> _EXERCISE DESCRIPTION_:
Without the pictures, set down everything in the listing exactly.

= = = =

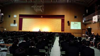 校長先生のあいさつの後、校歌斉唱と続きました。
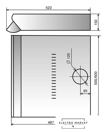 конструкция телескопическая, монтаж для встраивания, управление механическое/кнопочное, производительность мотора 400 м³/ч, ширина 45 см
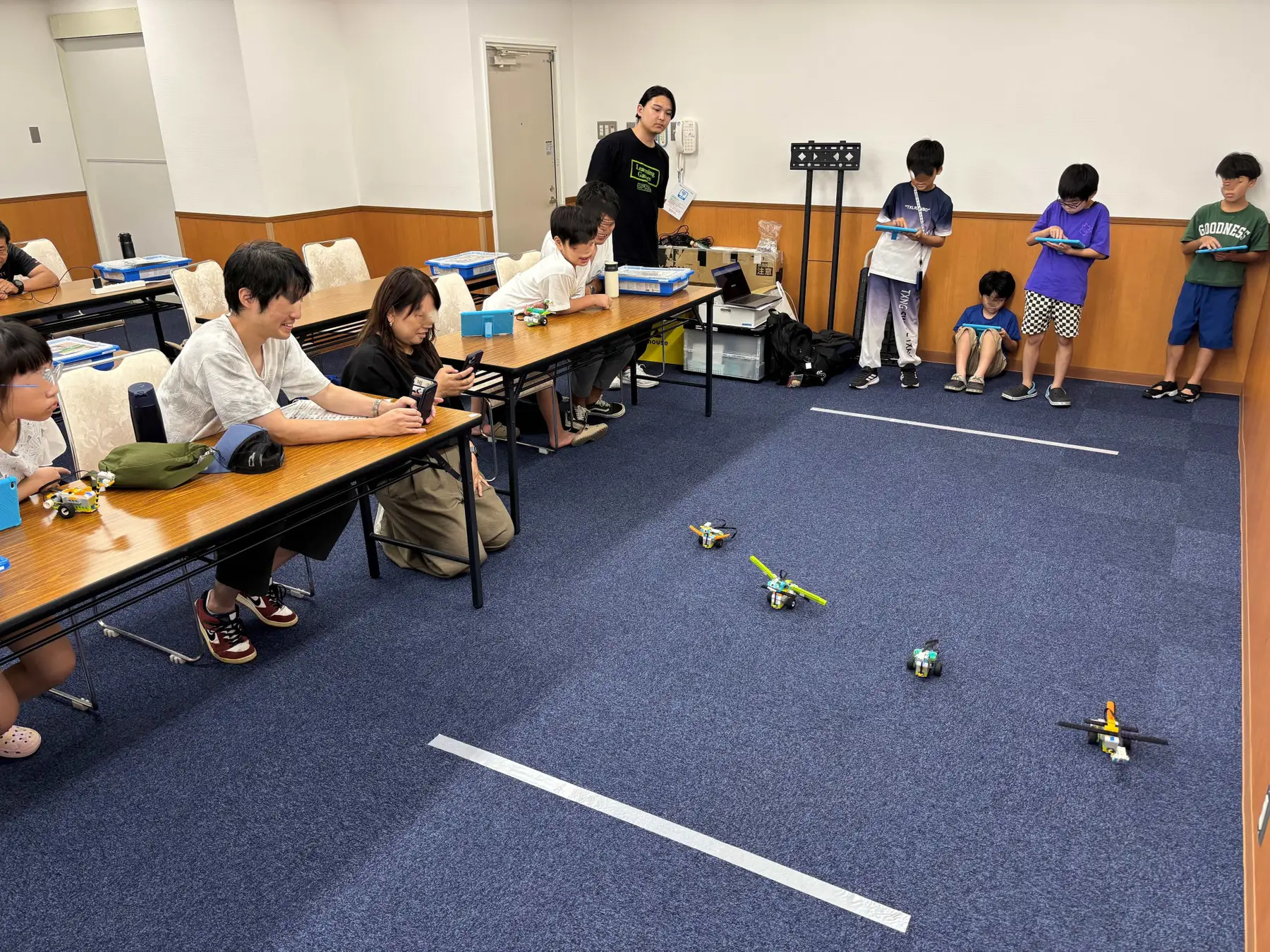 最後に参加者同士でレースを開催し、個性的なロボットを走らせて楽しみながらプログラミングを学びました。
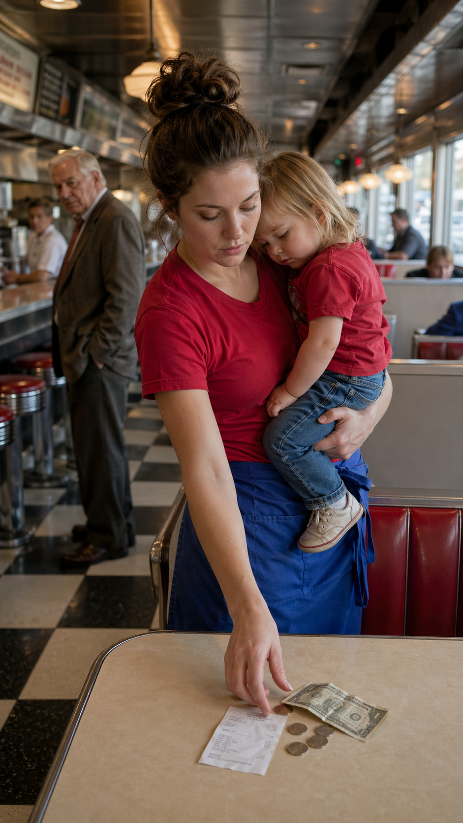 Per un osservatore era una piccola offesa—un cliente scortese, una mancia dimenticata. Ma per Marisol, a ventisette anni, che viveva in una cittadina che sembrava inghiottire i sogni interi, quello zero era un colpo ritmico nel feretro del budget mensile. I suoi piedi, avvolti in economiche scarpe antiscivolo, pulsavano di un calore ritmico che rispecchiava il dolore nel suo petto. Era una madre single, e nel suo mondo il margine tra “sopravvivere” e “affondare” si misurava in banconote da cinque dollari e nella gentilezza degli sconosciuti.
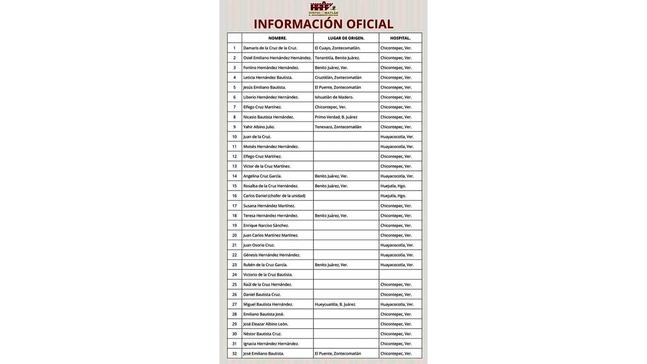 Zontecomatlán, Ver.- El ayuntamiento de Zontecomatlán dio a conocer una lista de 32 pasajeros del autobús 1700 de la línea Conexión que la tarde del 24 de diciembre sufrió un accidente en ese municipio que dejó una decena de personas muertas.
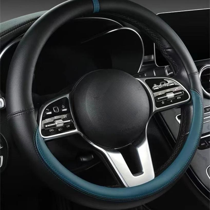 Full Leather Universal Car Steering Wheel Cover Breathable Anti Slip Car Decoration 37-38cm Steering Wheel Cover Accessories
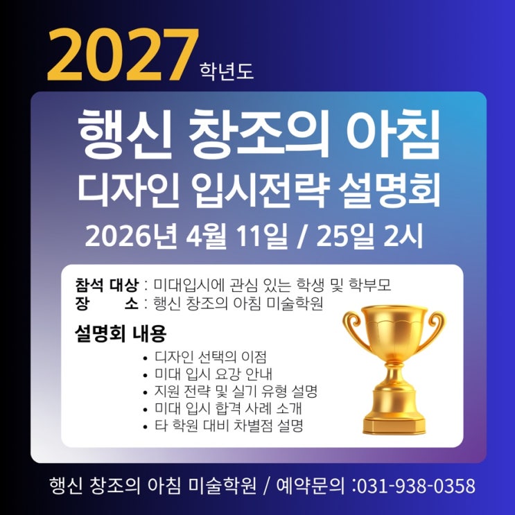 안녕하세요~ 행신 창조의아침 미술학원입니다. 벌써 2026년도 4월이 되었네요, 시간이 너무 빠르네요, 2027학년도 미대 입시, 지금이 시작입니다 미대 입시는 타이밍이 전부입니다. 늦게 시작하면 따라가기 힘들고, 제대로 시작하면 결과가 완전히 달라집니다. 그래서 준비했습니다. 2027학년도 대비 디자인 입시전략 설명회 ⸻ 설명회 일정 ✔ 2026년 4월 11일 / 25일 (토) 오후 2시 ✔ 장소 : 행신 창조의 아침 미술학원 ✔ 대상 : 미대 입시에 관심 있는 학생 & 학부모님 누구나 ⸻ 이번 설명회, 뭐가 다르냐면요 단순한 정보 전달 아닙니다. “합격하는 방법”만 정확하게 알려드립니다. ✔ 디자인 선택 시 유리한 이유 ✔ 2027학년도 미....... <img src="https://blogthumb.pstatic.net/MjAyNjA0MDFfODcg/MDAxNzc1MDM3Njg5OTk0.5E3sZ68_jPO_PTmqIaX1W1ZwCO6IaXP7g9_Z2iCvOYog.L4CpM6RXog1jGYhO_HPYnXEddt43HADsUkf9ZIjwPyUg.JPEG/IMG%A3%DF3052.jpg?type=s3" />
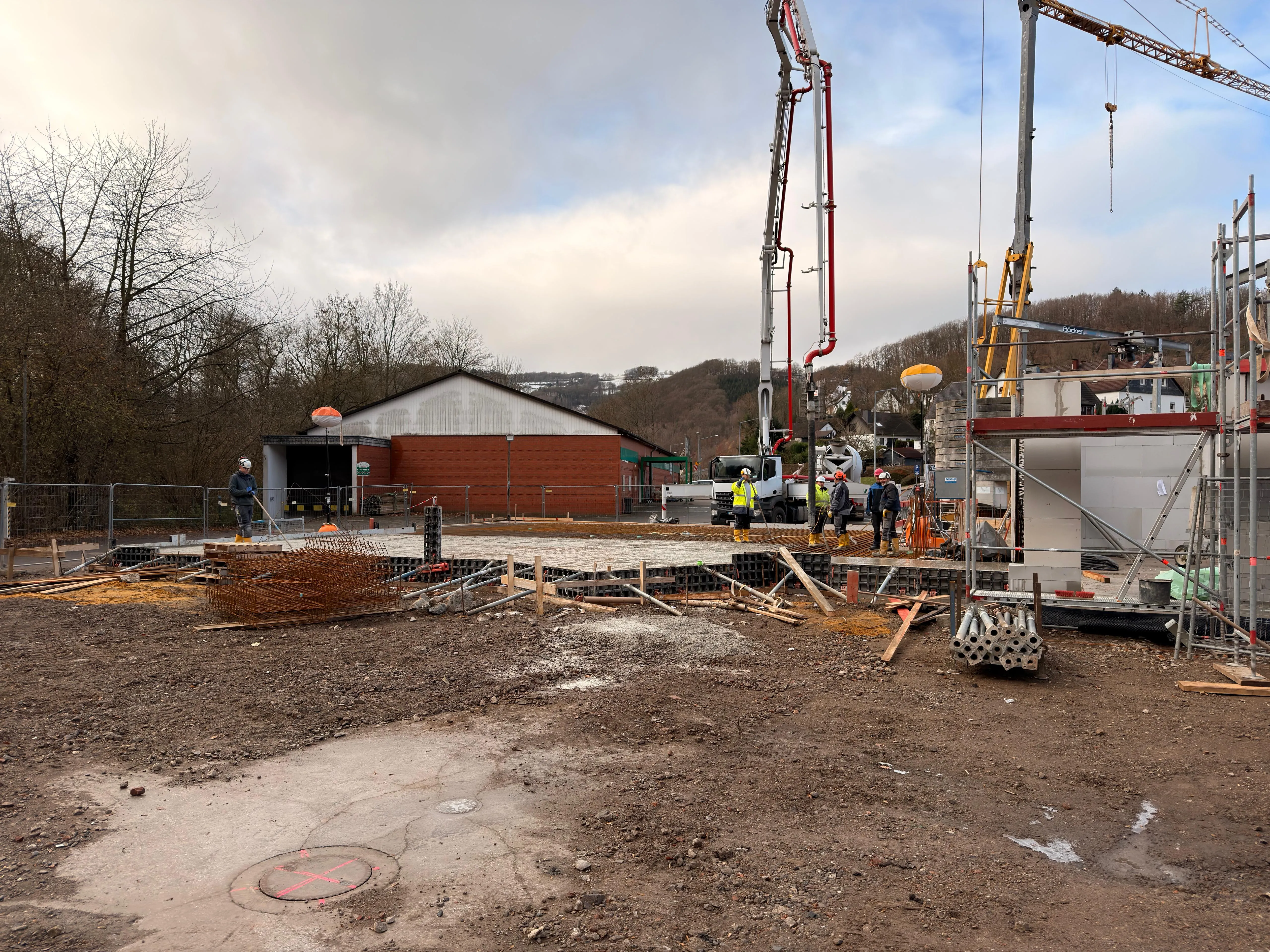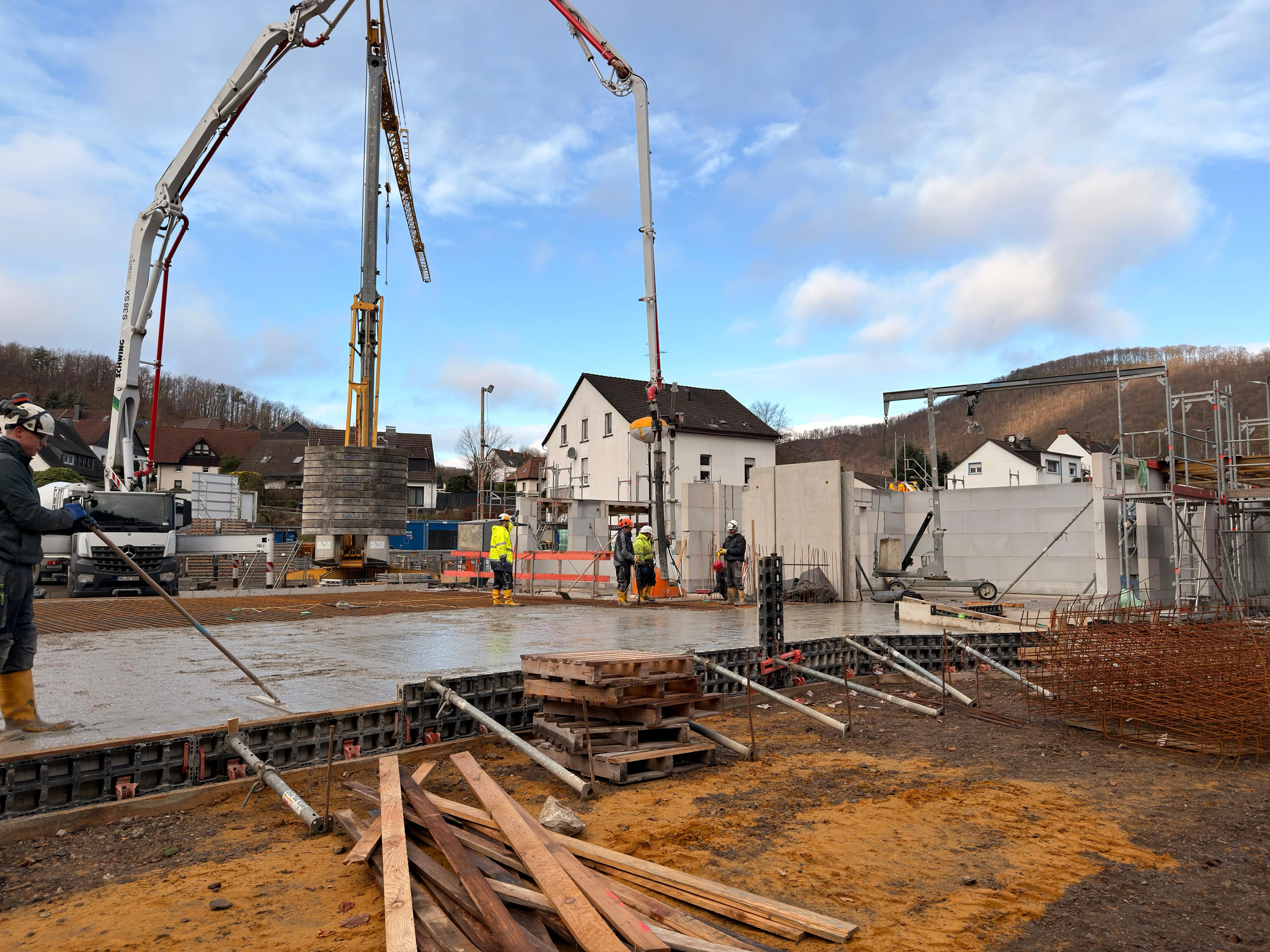 Es ist eine dieser Baustellen, bei denen der Wandel mit lautem Krachen und staubigem Hämmern sichtbar wird. Krane schwenken dicke Stahlmatten durch die Luft, Betonmischer rumpeln heran, und Arbeiter schleppen Steine und Schutt - wie eine Ameisenstraße, unermüdlich und zielgerichtet. Überall wird gehämmert, verdichtet, gemauert. Und langsam lässt sich erkennen, was hier entsteht: Ein neues Zuhause, mitten im Herzen von Nachrodt, an der Altenaer Straße 55, auf dem Gelände, das einst vom leerstehenden und verwahrlosten MPU-Gebäude geprägt war.
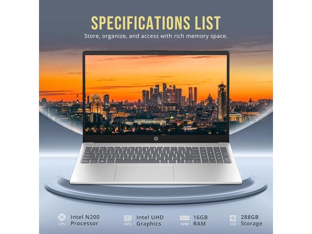 HP 15.6" HD Laptop, Intel Pentium N200, 16GB DDR4 RAM, 288GB Storage (128GB SSD+160GB Docking Station Set), Intel UHD Graphics, Full Size Keyboard, 720p Camera, 1 Year Office 365, Win 11, Silver

= = = =

> _ANSWER SECTION_:
 校長先生のあいさつの後、校歌斉唱と続きました。
 конструкция телескопическая, монтаж для встраивания, управление механическое/кнопочное, производительность мотора 400 м³/ч, ширина 45 см
 最後に参加者同士でレースを開催し、個性的なロボットを走らせて楽しみながらプログラミングを学びました。
 Per un osservatore era una piccola offesa—un cliente scortese, una mancia dimenticata. Ma per Marisol, a ventisette anni, che viveva in una cittadina che sembrava inghiottire i sogni interi, quello zero era un colpo ritmico nel feretro del budget mensile. I suoi piedi, avvolti in economiche scarpe antiscivolo, pulsavano di un calore ritmico che rispecchiava il dolore nel suo petto. Era una madre single, e nel suo mondo il margine tra “sopravvivere” e “affondare” si misurava in banconote da cinque dollari e nella gentilezza degli sconosciuti.
 Zontecomatlán, Ver.- El ayuntamiento de Zontecomatlán dio a conocer una lista de 32 pasajeros del autobús 1700 de la línea Conexión que la tarde del 24 de diciembre sufrió un accidente en ese municipio que dejó una decena de personas muertas.
 Full Leather Universal Car Steering Wheel Cover Breathable Anti Slip Car Decoration 37-38cm Steering Wheel Cover Accessories
 안녕하세요~ 행신 창조의아침 미술학원입니다. 벌써 2026년도 4월이 되었네요, 시간이 너무 빠르네요, 2027학년도 미대 입시, 지금이 시작입니다 미대 입시는 타이밍이 전부입니다. 늦게 시작하면 따라가기 힘들고, 제대로 시작하면 결과가 완전히 달라집니다. 그래서 준비했습니다. 2027학년도 대비 디자인 입시전략 설명회 ⸻ 설명회 일정 ✔ 2026년 4월 11일 / 25일 (토) 오후 2시 ✔ 장소 : 행신 창조의 아침 미술학원 ✔ 대상 : 미대 입시에 관심 있는 학생 & 학부모님 누구나 ⸻ 이번 설명회, 뭐가 다르냐면요 단순한 정보 전달 아닙니다. “합격하는 방법”만 정확하게 알려드립니다. ✔ 디자인 선택 시 유리한 이유 ✔ 2027학년도 미....... <img src="https://blogthumb.pstatic.net/MjAyNjA0MDFfODcg/MDAxNzc1MDM3Njg5OTk0.5E3sZ68_jPO_PTmqIaX1W1ZwCO6IaXP7g9_Z2iCvOYog.L4CpM6RXog1jGYhO_HPYnXEddt43HADsUkf9ZIjwPyUg.JPEG/IMG%A3%DF3052.jpg?type=s3" />
 Es ist eine dieser Baustellen, bei denen der Wandel mit lautem Krachen und staubigem Hämmern sichtbar wird. Krane schwenken dicke Stahlmatten durch die Luft, Betonmischer rumpeln heran, und Arbeiter schleppen Steine und Schutt - wie eine Ameisenstraße, unermüdlich und zielgerichtet. Überall wird gehämmert, verdichtet, gemauert. Und langsam lässt sich erkennen, was hier entsteht: Ein neues Zuhause, mitten im Herzen von Nachrodt, an der Altenaer Straße 55, auf dem Gelände, das einst vom leerstehenden und verwahrlosten MPU-Gebäude geprägt war.
 HP 15.6" HD Laptop, Intel Pentium N200, 16GB DDR4 RAM, 288GB Storage (128GB SSD+160GB Docking Station Set), Intel UHD Graphics, Full Size Keyboard, 720p Camera, 1 Year Office 365, Win 11, Silver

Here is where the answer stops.